Nor are we talking about giant financial institutions fighting over investment banking deals. We're talking about you, me, our spouse, parents, friends and kids directly being cheated by people we know inside our community, whose weapon of choice is common, everyday checking accounts and credit cards. How dare they!

I think most people still don't have a clear understanding of what went wrong when the housing bubble led to the Great Recession. But this time the scandal is easy to grasp, even if the scale of it — millions of accounts opened in the name of unwitting consumers — is breathtaking.

That's what's different about this scandal. And that's why the CEO and the entire board of Wells Fargo have to leave right now. We're talking about the people customers see every time they walk into a branch. It is sacrosanct that you don't go after the little guy who may be less financially sophisticated and often unaware that he is getting ripped off.

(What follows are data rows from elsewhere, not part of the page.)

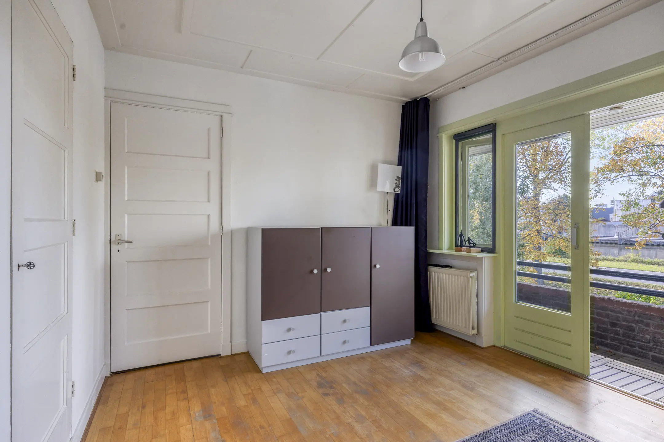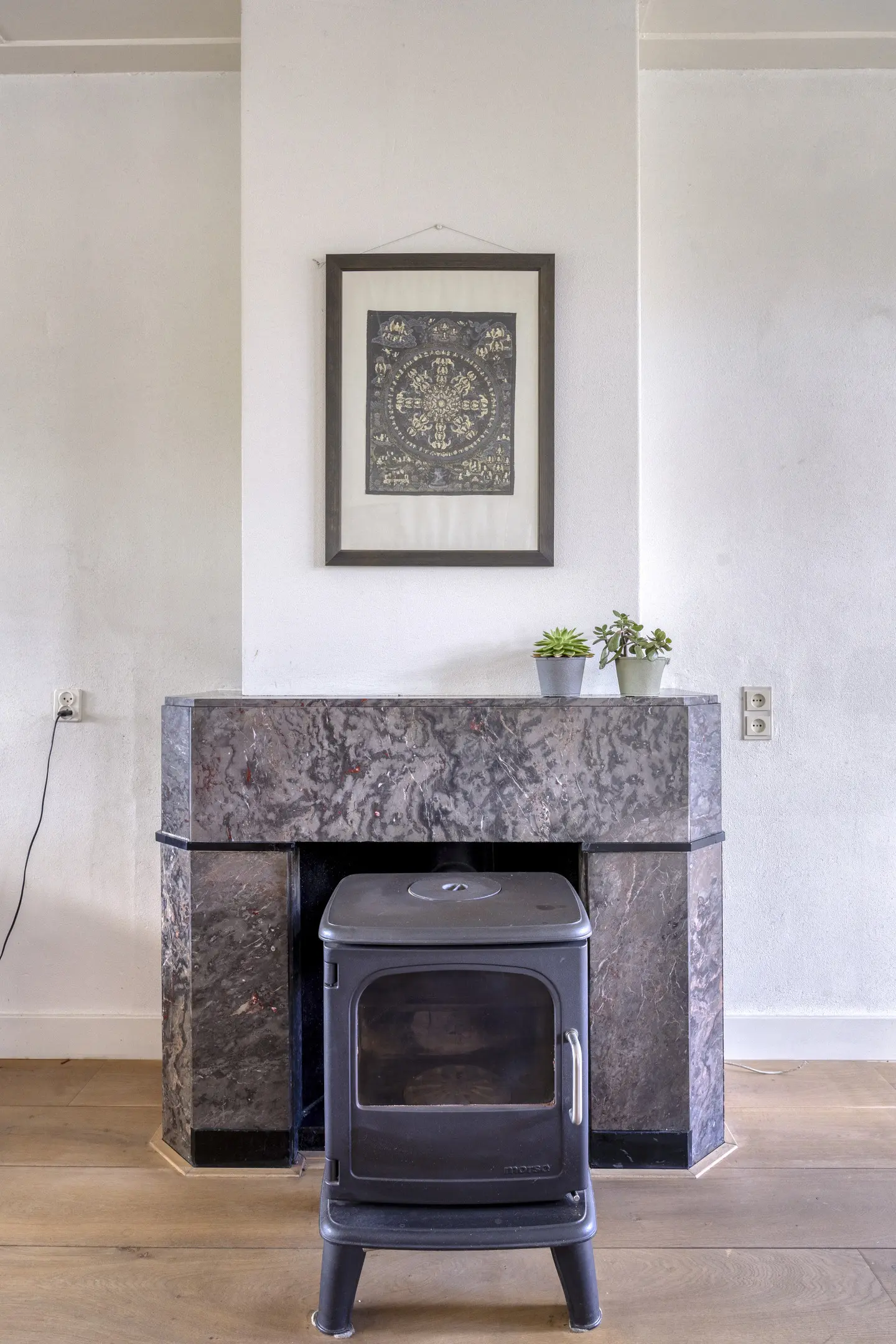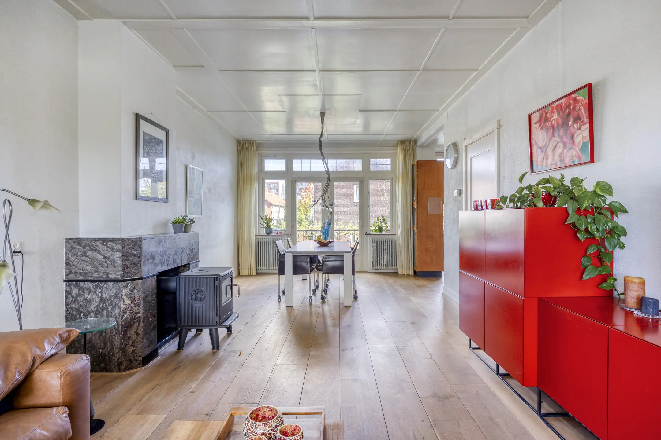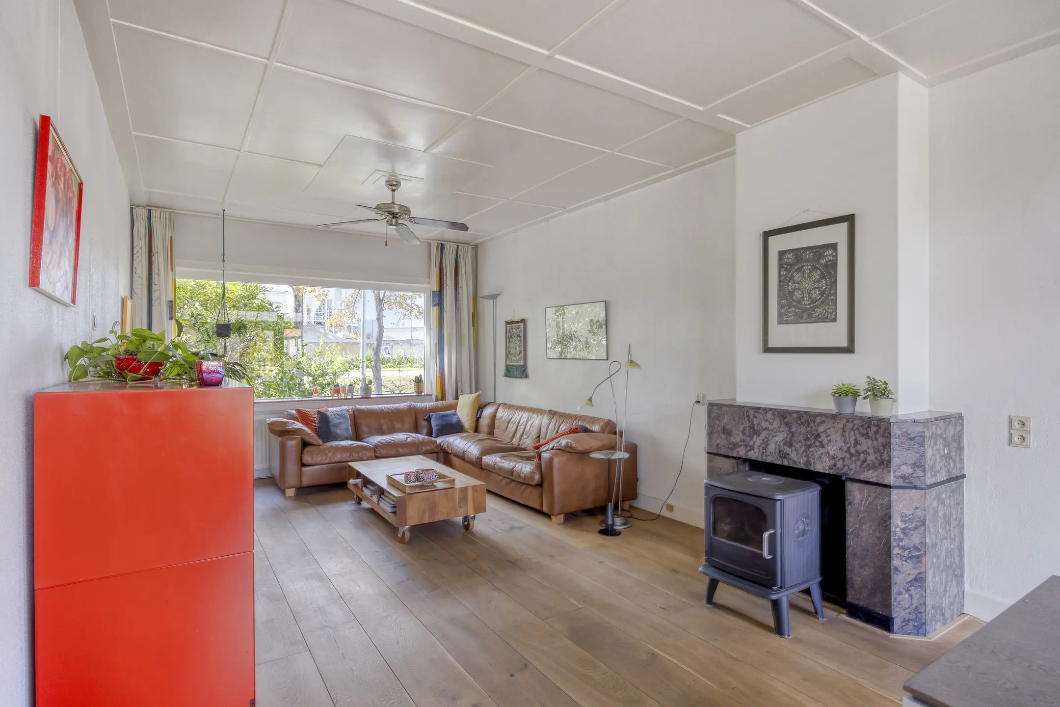 Access to the living room with lots of natural light (large windows) and unobstructed views of the Gouwe canal. Features include a fireplace with a natural stone finish, a beautiful oak wooden floor, and original details such as stained-glass upper windows.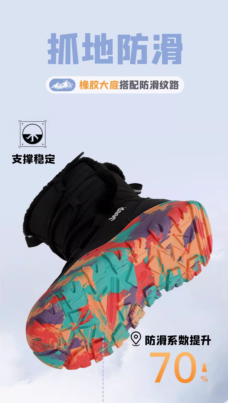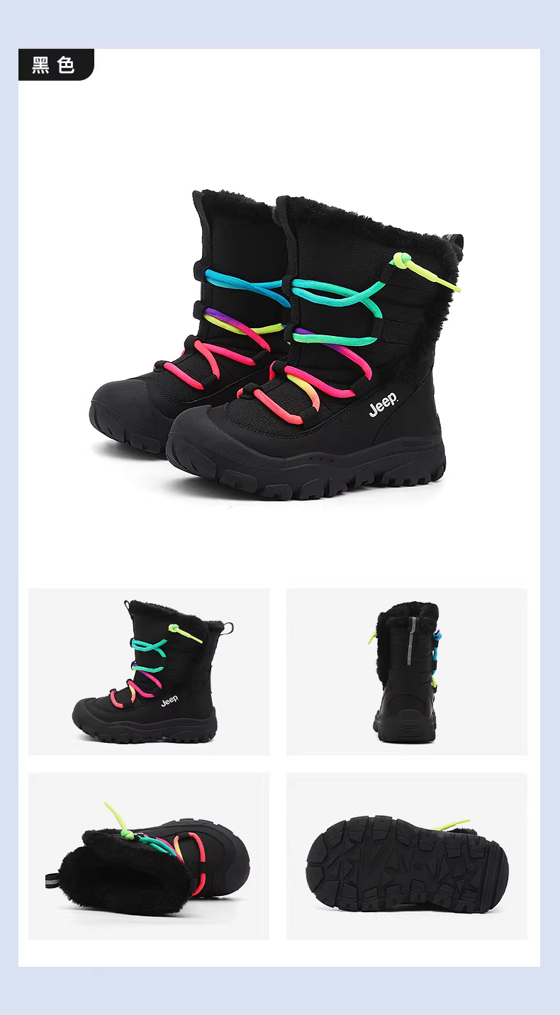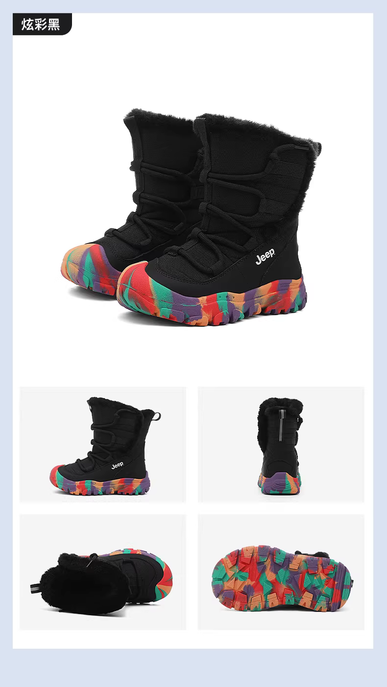 - Giày trẻ em Jeep, ủng tuyết nữ, giữ ấm mùa đông, lót lông cừu dày, giày lông mềm, mẫu mới 2025, ủng bông mùa đông Đông Bắc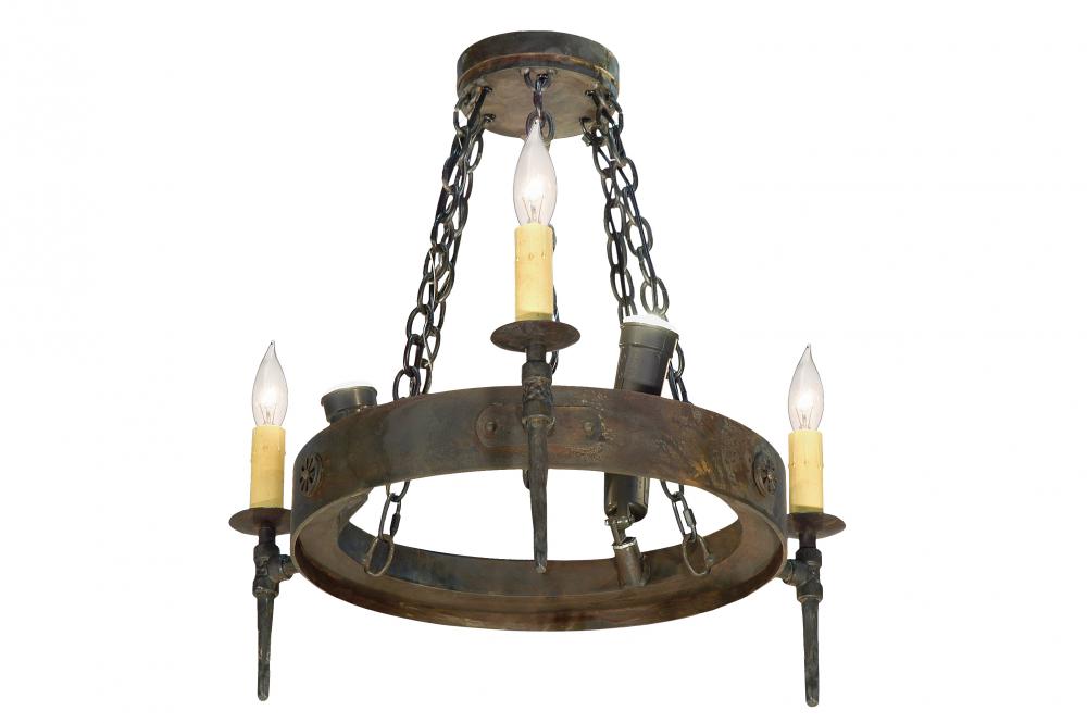 Bring Gothic Revival with a rustic motif into your home with the elegant Warwick Chandelier. Three Antique Gold faux candles perched atop bobeches feature 3 uplights that provide ambient illumination. Crafted of iron & waxed by hand resulting in a living finish that will patina over time. Waxed Metal finishes require annual maintenance. Warwick is available in dozens of additional finishes that do not require maintenance, upon request. Overall height ranges from 31 to 61 inches as the chain length can be easily adjusted in the field. Custom crafted in our 180,000 square foot manufacturing facility in Yorkville, NY. Candlelight colors, fixture styles and sizes can be customized. UL and cUL listed for dry and damp locations.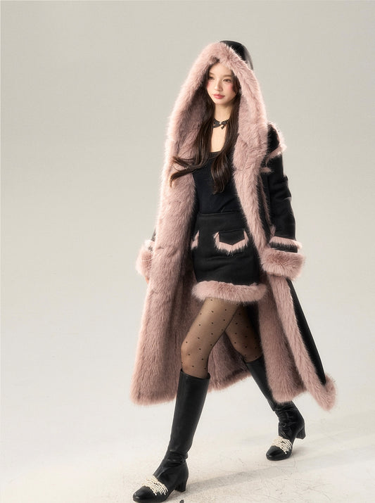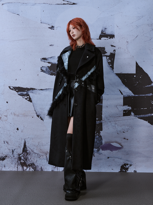 Punk Suede Fake Fur Long Shearling Coat NA8143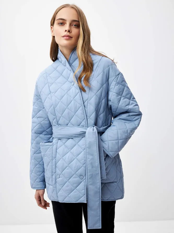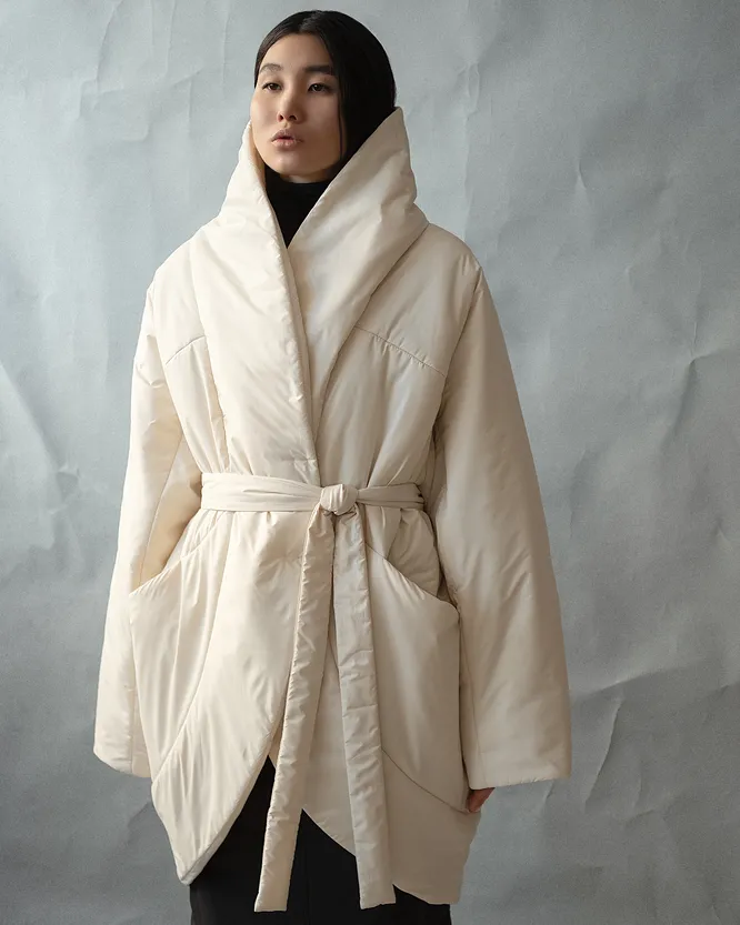 Потому что помимо самых базовых стеганых моделей без ворота (обычно это куртки на кнопках) есть еще несколько весьма и весьма интересных вариаций. Одни из наших любимых — «кимоно», пошитые в восточном стиле, с поднятым воротом и поясом.
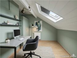 Au deuxième : - Un bureau de 8m2 (13m² au sol) - Une chambre de 13m² (20m² au sol) avec potentiel : actuellement 2 lits, 2 bureaux et dressing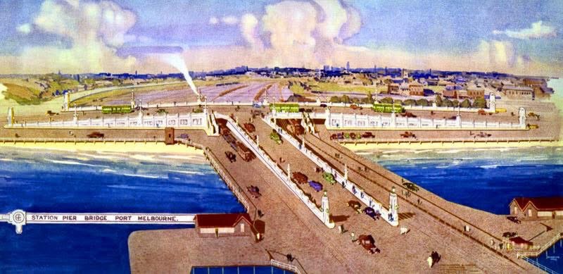 When the pier was rebuilt in the early 20s something like this was planned, but not built until 1934, prompted by the impending visit of the Duke of Gloucester (Prince Henry) for Victoria’s centenary celebrations in 1934-5. He arrived at Princes Pier (now just a stub) and was driven over the new bridge though it didn’t open to general traffic for another year.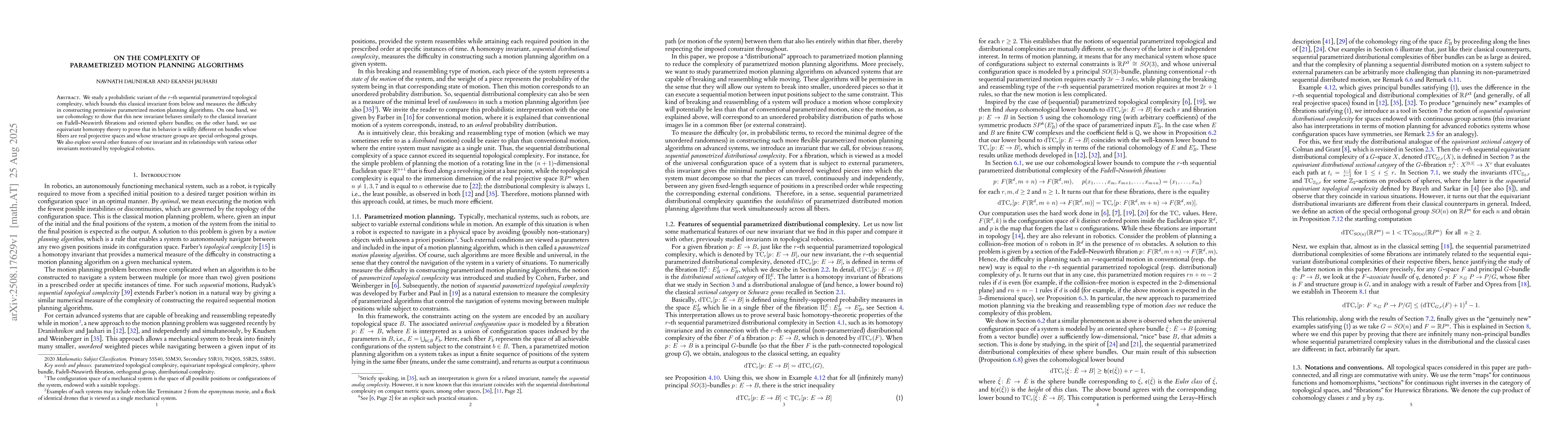 We study a probabilistic variant of the r-th sequential parametrized topological complexity, which bounds this classical invariant from below and measures the difficulty in constructing permissive parametrized motion planning algorithms. On one hand, we use cohomology to show that this new invariant behaves similarly to the classical invariant on Fadell-Neuwirth fibrations and oriented sphere bundles; on the other hand, we use equivariant homotopy theory to prove that its behavior is wildly different on bundles whose fibers are real projective spaces and whose structure groups are special orthogonal groups. We also explore several other features of our invariant and its relationships with various other invariants motivated by topological robotics.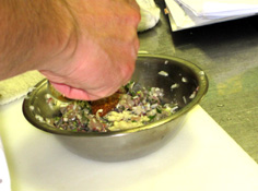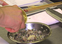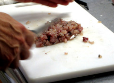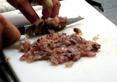 庖丁で叩くが、粗い方が歯ざわりが良い |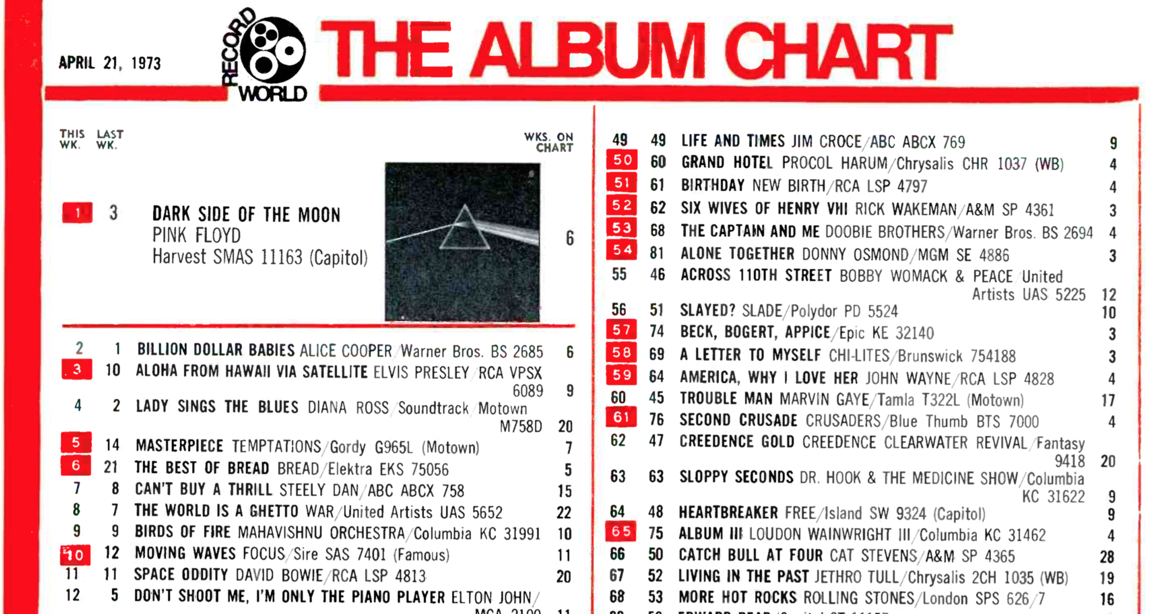 On April 21, 1973, just six weeks after it was released, Dark Side of the Moon topped the Record World album chart. It was replaced at the top the next week by Elvis Presley’s Aloha From Hawaii via Satellite and never returned to #1.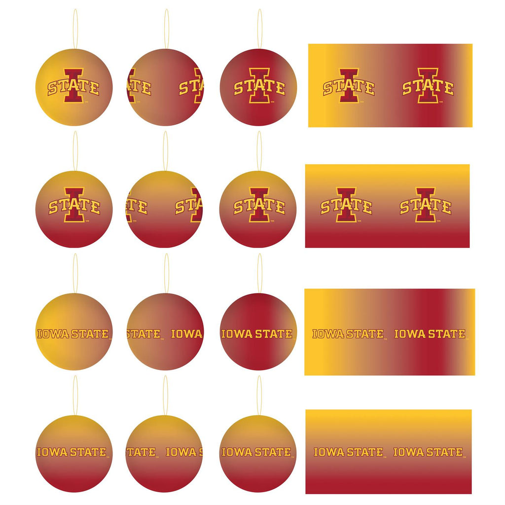 Celebrate the holiday season with pride using this 12-piece Iowa State Ornament Set. Perfect for adding a touch of collegiate spirit to your Christmas tree, these ornaments feature the iconic Iowa State colors and logo. Each ornament is crafted with durable materials and designed with a glossy finish, making them a festive addition to any home. With a convenient size, they are easy to hang and will enhance your seasonal décor with their vibrant presence. Whether you're an alumni or a fan, these ornaments are a must-have for showcasing your school spirit.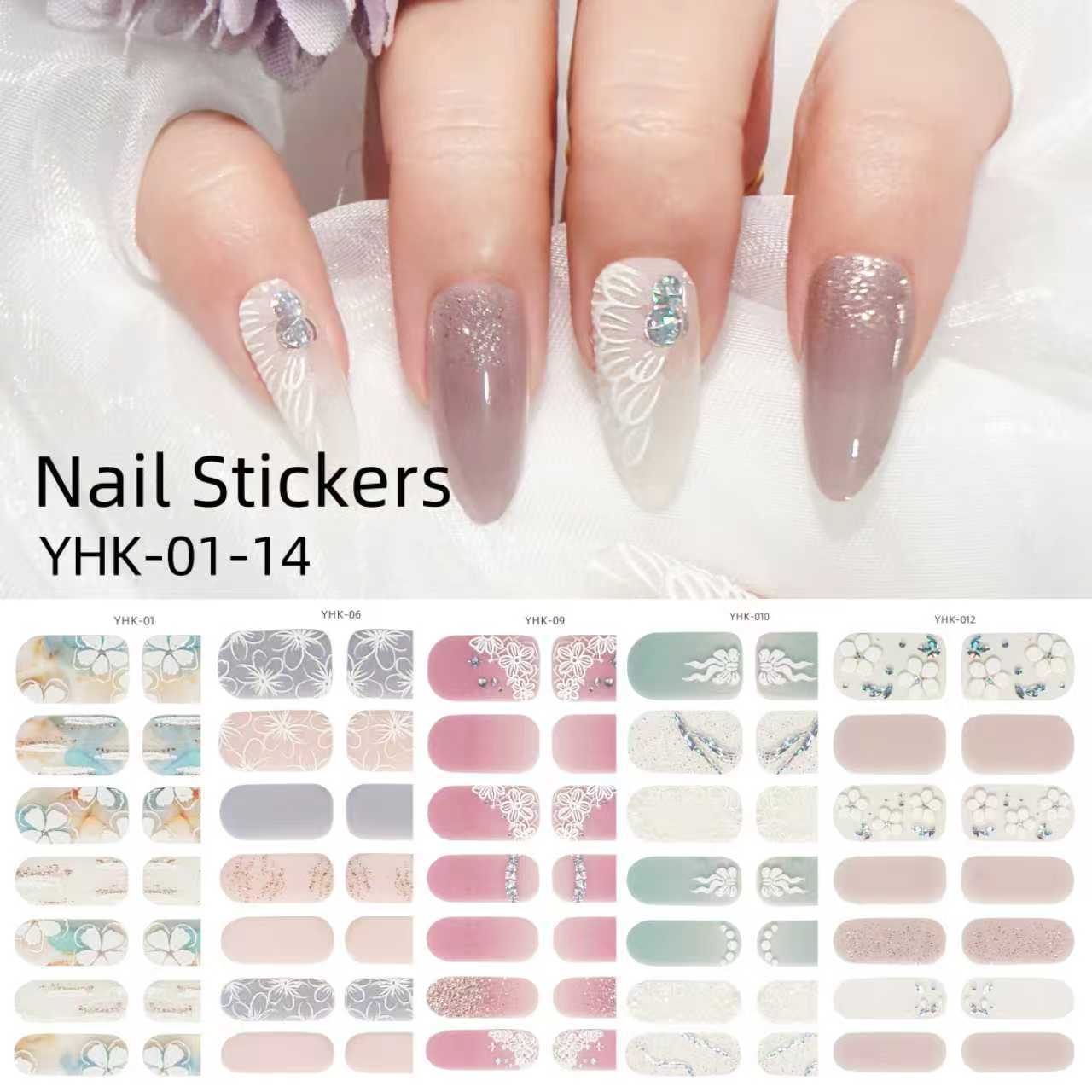 Stiker manikur relief stereo musim semi baru lintas batas stiker penuh stiker manikur tanpa panggang 3D stiker kuku tahan air grosir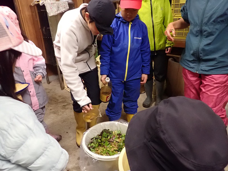 最後に、樽に漬け込む作業。切ったかぶ菜と調味料(醤油・ザラメ・酢)を混ぜ合わせ、重石をし、倉庫に保管することにしました。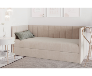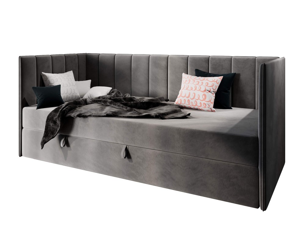 Das Polsterbett MILENA bietet einen komfortablen Schlafplatz und verspricht viel Behaglichkeit bei Erholung. Die elegante und solide Konstruktion, Funktionalität und hoher Komfort machen das Bett zu einer idealen Auswahl für jüngere Personen. Vertikale Nähte an Kopfteilen und an der Seitenblende verleihen dem Möbel eine ästhetische Präsenz und betonen seine hochwertige Ausführung. Die zwei Kopfteile und eine Seitenblende bieten eine bequeme Rückenlehne beim Lesen der Bücher oder beim Fernsehen.

"This isn't a matter of gaining new clients from a competitor gone awry, it is a devastating blow to the last bastion of safety in financial services — that you're perfectly safe inside your neighborhood bank branch. The people who perpetrated this scandal didn't even need to wear masks to rob you."

Here's the thing you may not have thought about. My fellow financial services colleagues and I are also outraged over this. This isn't a matter of gaining new clients from a competitor gone awry, it is a devastating blow to the last bastion of safety in financial services — that you're perfectly safe inside your neighborhood bank branch.

The people who perpetrated this scandal didn't even need to wear masks to rob investor/clients. All they had to do was take advantage of those people's hard-earned trust. We all can relate to how terrible that is, which is why even Republicans and Democrats in the Senate were totally aligned in their grilling of Wells Fargo's CEO, John Stumpf.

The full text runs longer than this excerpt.